A Principal Financial Group report of 1,700 “super savers” revealed what most were willing to give up on their way to financial freedom. These “super savers” manage to contribute at least 15% of their earnings toward their retirement plans, with the majority committing $17,000 or more. Their top sacrifice? Driving an older vehicle, which nearly half (48%) of savers reported doing. Other popular trade-offs included owning a modest home (42%), traveling less than they’d prefer (39%), and doing DIY projects instead of hiring help (38%).
What if your goal isn’t retirement, but a dream home?

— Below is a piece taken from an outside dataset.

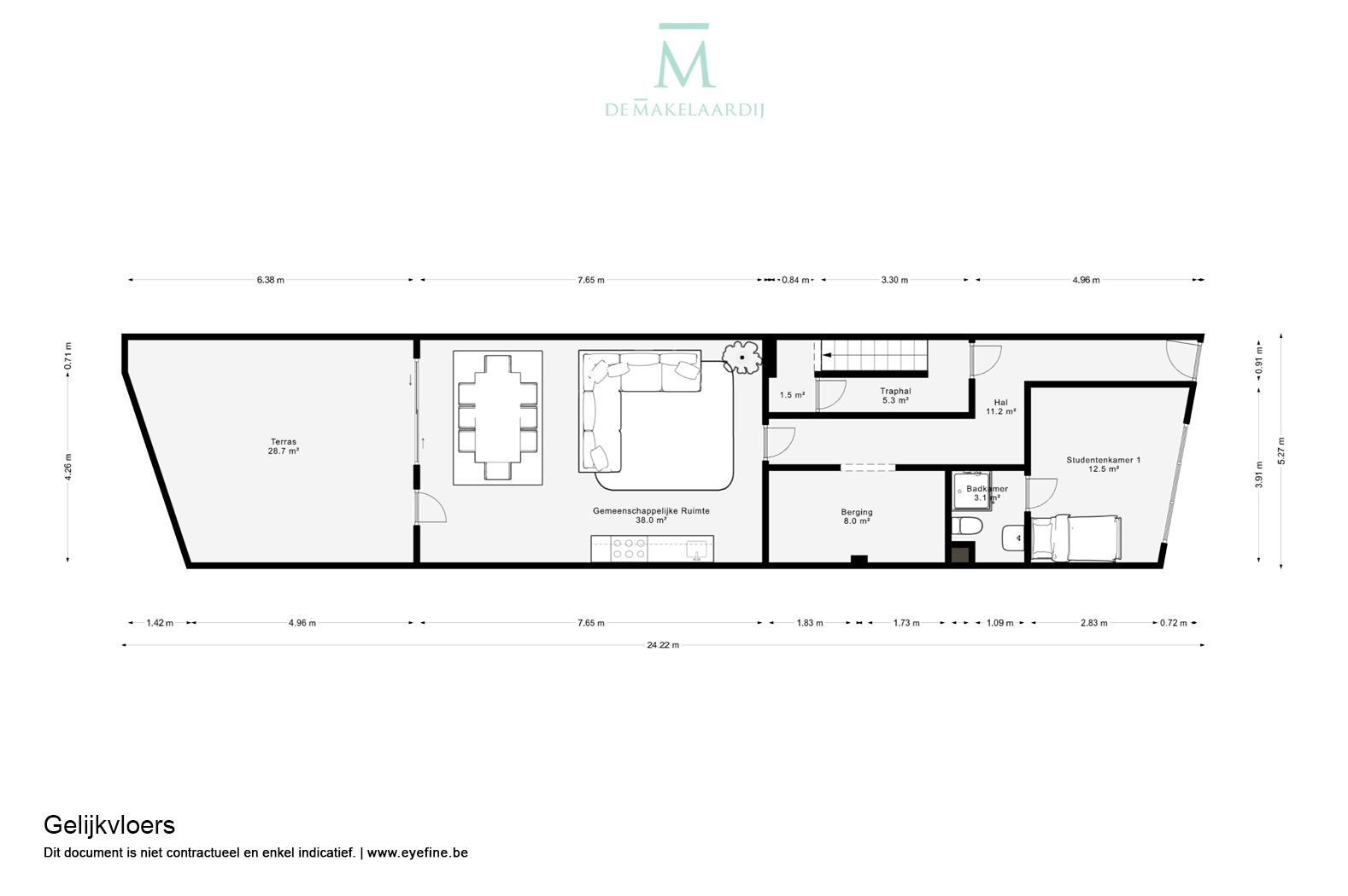 ·Deze heeft een totale oppervlakte van 12,37 m²

Then you’re not alone: 44% of millennials list buying a home as one of their top two savings goals over the next five years, with some going to extreme lengths to make their dream home a reality. One 30-year-old managed to save up for a million-dollar listing in pricey Sydney, Australia by trading eating out for meals at home composed of only tuna, rice, and salad. For five years, Mattia Bondanza and his partner lived off these $1.78 USD meals (plus homemade coffee and the occasional pasta dish), using the accumulated savings to put down a deposit on a new $1.15 million AUD home.
But it’s not all canned fishes and retirement wishes
It’s important to remember these savers aren’t cutting back in every aspect of their lives. They still enjoy splurges that align with their values, whether that’s dining out, entertainment, or home improvement projects. But the key is that this spending is done within the limits of a budget that already has a sizable chunk allocated toward long-term goals like retirement. And are the sacrifices worth it? Definitely, according to the respondents; 98% feel financially secure due to their savings habits.